The buzz continued around the $1 trillion US infrastructure bill this week, as the bill faced unexpected rocky roads in the House. However, the House was able to clear a path for the bill and now targets a vote on Sept 27. Though there is still uncertainty around the bill’s final details, it feels clear that the focus on infrastructure spending, along with an emphasis on sustainability and clean energy, is here to stay.

Last week, we profiled GRID and ICLN ETFs that represent themes tied to key spending areas within the bill - modernizing the power grid and leveraging clean energy to to reduce the progression of climate change. This week, we’ll extend this analysis to highlight a process using Omega Point’s security screening tools to find alpha opportunities by systematically identifying additional names representing these themes.

Defining Clean Energy Names

Many standard thematic screening processes involve relying on sector classifications to identify stocks tied to specific themes. However, it can be challenging to extend this to sustainability and clean energy, mainly due to the nature of these themes to cross sectors and industries. For example, one may think that to find clean energy stocks it’s best to look within the energy sector; however, this approach would miss all of the technology companies that are innovating in these areas. We'll highlight more details on these examples below, but first, let's outline our proposed process for clean energy screening.

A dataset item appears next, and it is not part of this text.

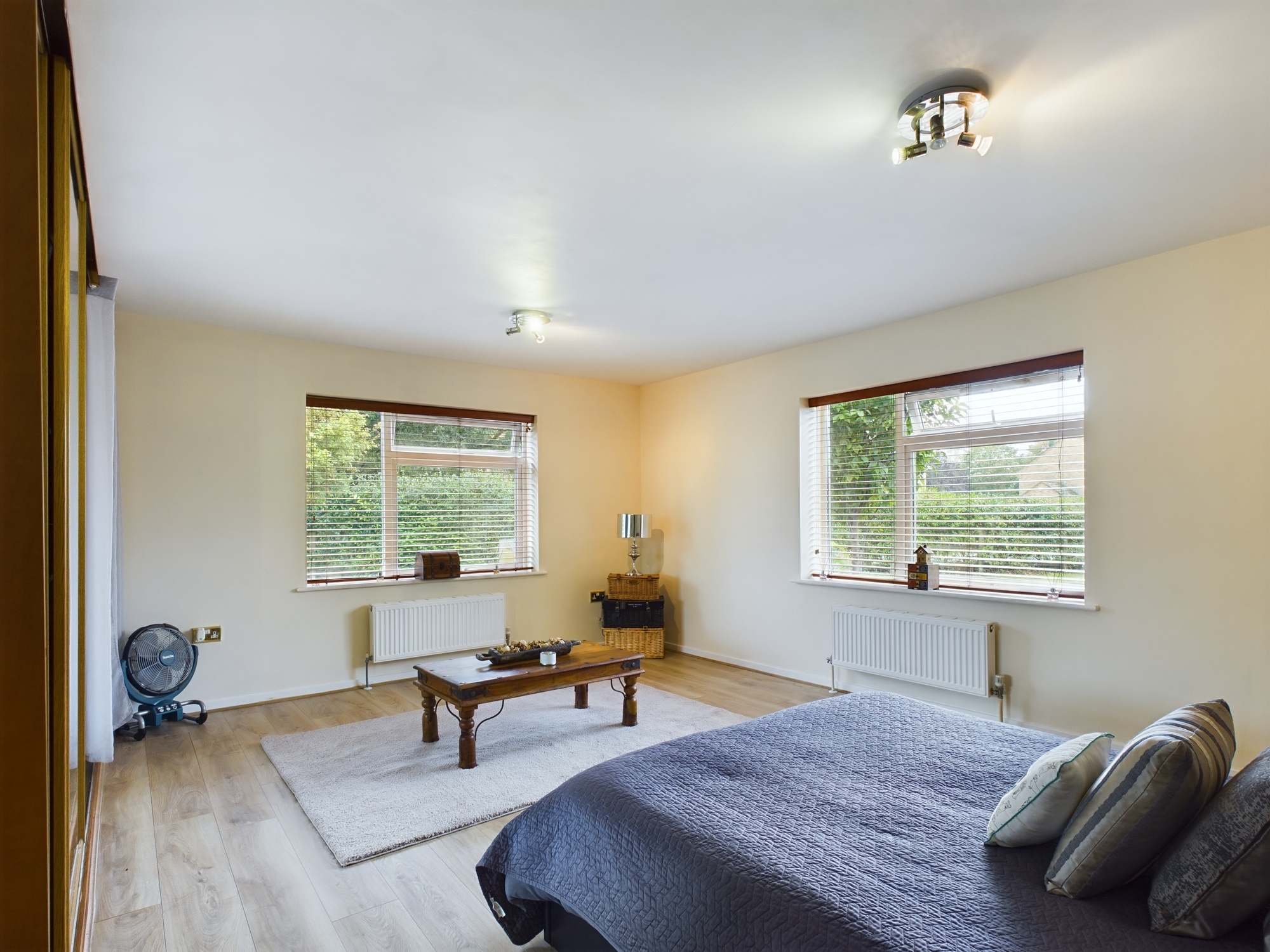 UPVC double glazed large bay windows to side aspect, 2 x wall mounted double panel radiators, central fireplace with electric fire inset, laminate style flooring, coved ceiling.

To create our screen, we’ll be leveraging the MSCI ESG Rating scores. In particular, we’ll use the Environmental Opportunities Theme score, which is designed, in part, to capture the extent to which companies take advantage of opportunities in the market for environmental technologies and the development of renewable power production.

Source: MSCI ESG Ratings Methodology Guide

To ensure a control for other areas related to sustainability and environmental awareness, we also incorporated the Environment Pillar score into the screen.

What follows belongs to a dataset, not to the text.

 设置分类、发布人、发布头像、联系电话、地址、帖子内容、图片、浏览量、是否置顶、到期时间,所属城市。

To leverage these scores and define our clean energy names, we first analyzed the combination of the ICLN and GRID universes to understand the best thresholds for our screen. As of August 2021, the median Environmental Opportunities and Environment Pillar scores for combining the two ETF universes are 6.5 and 6.9, respectively.


To build the screen, we used the following parameters:

  • security belongs to the MSCI ACWI index (proxied using the ACWI ETF)
  • security does not belong to the ICLN or the GRID ETFs (to find new names outside of these ETFs)
  • market capitalization > $500M and average daily volume > $20M (to remove less liquid, smaller cap names)
  • Environmental Opportunities theme score > 6.5
  • Environment Pillar score > 6.9
  • GICS sector is Energy, Industrials, Materials, Utilities, Information Technology, or Consumer Discretionary (to mirror the sectors represented within the ICLN and GRID ETFs)

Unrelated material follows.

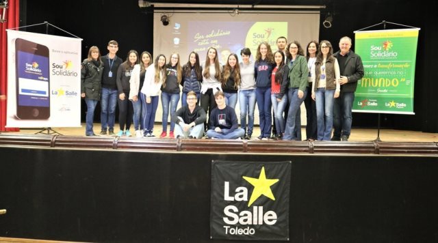 Colocar em prática o que se aprende em sala de aula. Com esse pensamento, os alunos da 3ª série do ensino médio do Colégio La Salle Toledo/PR, colocaram o espírito empreendedor para fora e apresentaram um projeto desenvolvido na disciplina de Metodologia Científica. Trata-se do aplicativo “Sou Solidário”, lançado para smartphone e que conta com a parceria da Fundação La Salle.

After backtesting this screen monthly from Dec 2020 through August 2021, we were able to identify 21 securities on average each month that fit the screening criteria. In this way, we were able to take a universe of over 2000 global securities and narrow our focus down to a list of ~21 names that can drive alpha ideas within the clean energy space.

Clean Energy Outside of the Known Suspects

While the clean energy names within the Energy, Industrials, Materials, and Utilities sectors may typically be more well-known due to their clear linkage to energy-related infrastructure, several names also met our criteria from the Consumer Discretionary and Information Technology sectors. Two such names were Valeo and Fujitsu.

Valeo is a European automotive supplier (in the Consumer Discretionary sector) that develops technologies designed to reduce CO2 emissions and develop autonomous, connected mobility. Below, we can see that this company's top MSCI ESG Ratings exposures center around the themes within the Environment Pillar.


A look at predictive risk using the Axioma Worldwide 4 Medium Horizon (“Axioma Worldwide”) risk model shows that this name is idiosyncratically driven, with specific risk as of August 2021 or close to 60%. This makes sense given Valeo’s high exposure to the clean energy theme, which likely drives some of its idiosyncratic nature from the lens of the traditional factor model.


Fujitsu is a Japanese IT services company (in the Information Technology sector) whose mission is to make the world more sustainable by building societal trust through innovation. Like what we saw with Valeo, Fujitsu also shows a heavy exposure to the themes within the Environment Pillar, with 4 out of the top 5 ESG Ratings scores falling within this pillar.


We see a similar trend with Fujitsu’s risk profile using the Axioma Worldwide risk model. This name has an even more significant tilt towards being an alpha-driven name, with idiosyncratic risk as of August 2021 of over 70%. Again, this likely points to the sustainability-focused nature of the company, which the risk model cannot fully capture.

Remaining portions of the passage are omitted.